Author: Michael O’Brien, regional VP – strategic routes to market, Fortinet.

SASE is designed to help organizations secure their distributed networks. By combining cloud-delivered security from the enterprise to the edge and SD-WAN, SASE converges networking and security to provide consistent and secure access to critical resources. Security and networking must continue to converge to allow organizations to adapt to today’s rapid pace of new priorities and evolving business needs.

The SASE Journey

Confusion continues to surround SASE, and it is important for partners to understand that SASE is an architecture, not a specific product offering. Partners should take a long-term view, and work to understand the components of a SASE roadmap.

Setting up a SASE architecture is valuable because it eliminates bottlenecks and security gaps in the network while increasing flexibility and visibility, the best of all worlds. It can dramatically improve productivity.

With SASE, there aren’t “out of the box” solutions, so to offer SASE to your customers, you need to work with a vendor that has the needed building blocks. Some SASE solutions operate as isolated standalone products on private networks that don’t work with other technologies across the organization and offer limited features. Any SASE solution should support secure internet access, secure private access, secure SaaS access, cloud-based management, and provide simple onboarding and flexible consumption.

Why ZTNA, SD-WAN, and a Cybersecurity Mesh Architecture Matter

Many SASE providers are “cloud-first” organizations and include zero trust network access (ZTNA) as part of their SASE solution or as part of a cloud-hosted service. However, if your customers have hybrid networks, that architecture may not work. These organizations need to work with a vendor that supports cloud-based services and hybrid networks by converging networking and security so everything is consistent whether the security is delivered as an appliance, virtual machine, cloud-delivered service, or container.

The right application of ZTNA makes sure that users and systems only have access to the application resources to which they are specifically entitled, no matter where they are installed or the network path needed to access them.

ZTNA that can extend across the entire infrastructure must reside on a secure platform with Secure SD-WAN for quick and secure access between legacy networks and cloud provided services.
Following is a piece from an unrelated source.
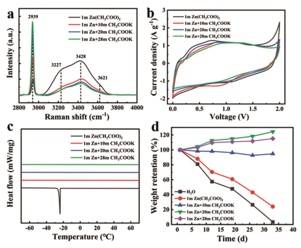 Figure 3. a)拉曼光譜,b)電壓窗,c)差示掃描量熱法(DSC)從−70℃到70℃的曲線,以及d) 1 M Zn(CH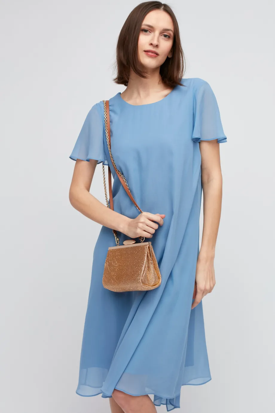 Die Handtasche verfügt über 2 abnehmbare Träger - eine Kette in der gleichen goldenen Farbe und einen dünnen, klassischen Lederriemen

SD-WAN is the core of SASE solutions extending the same access and security to remote and mobile workers.

To guarantee that every connection is completely and consistently secured, inspected, and monitored across every network segment, end-to-end, ZTNA should be integrated into a cybersecurity mesh architecture, which offers scalable protection as users switch between work environments.

Defining the SASE Roadmap

Because SASE is top of mind for your customers, as a service provider you can differentiate yourself by offering a SASE roadmap. SASE shouldn’t be just another box to check. You need to carefully consider which vendor has the best approach so you can successfully offer SASE to your customers with offers addressing needs today and an eye to the future of SASE and converged networks.